# My Hobie Outback Livewell



## chaps (Aug 31, 2009)

I decided to make my own so I thought I would share. It fits perfectly behind the seat and I still have room for a crate. Total cost about $60. I bought everything from WalMart and Hall's Hardware in Milton. I incorporated a check valve to help keep the pump primed and to keep water in livewell when pump is off. I used a waterproof plug so I can remove it from the yak. I put an on/off switch under the center hatch door. I use the same battery for my depth finder to power the livewell. The pickup is through the scupper and it drains overboard.

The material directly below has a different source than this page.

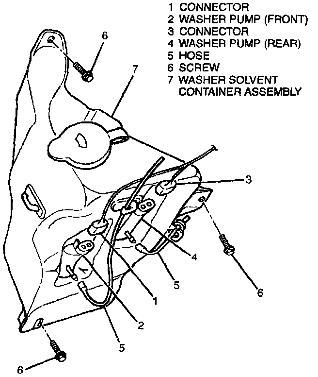 5. Two upper screws (6) from washer solvent container and vehicle.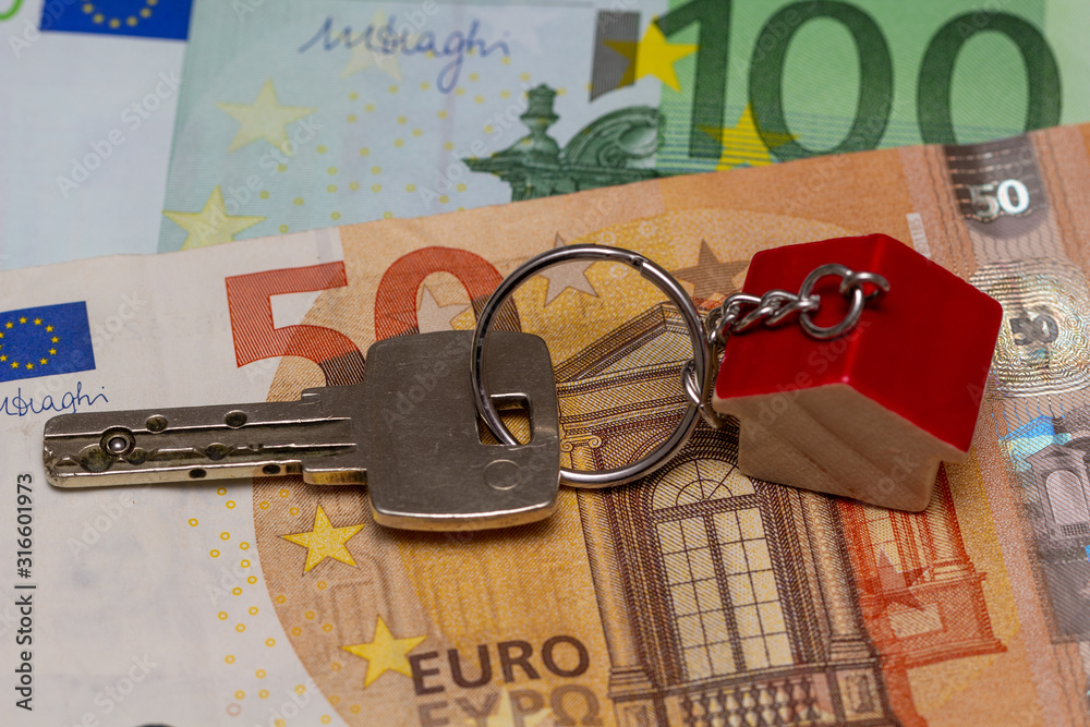 Schlüssel mit Haus Anhänger liegt auf Euro Geldscheinen

When I first get in the water I prime it with a bulb syringe through the pump. Here are the pics.


----------



## bbarton13 (May 4, 2009)

i also made one kinda like yours, but i made my drainage spout right above the other scrupper hole and i can take the hose off and put a longer or shorter one to change the level of the water ( for shrimp or cigars). tested it with about 10 cigar minnows and a big hardtail in it and it worked perfect.


----------



## chaps (Aug 31, 2009)

I like your design, especially the abiltiy to adjust the water level. I thought about using the scupper for drain but decided to do it overboard. I like to see the water draining to ensure the pump is circulating.


----------



## bbarton13 (May 4, 2009)

yea i understand that, i also read that if u put live shrimp in there put something in the bottom of the tank like sponge or something the shrimp can grab onto to the are not splashing all around so they stay frisky makes sense


----------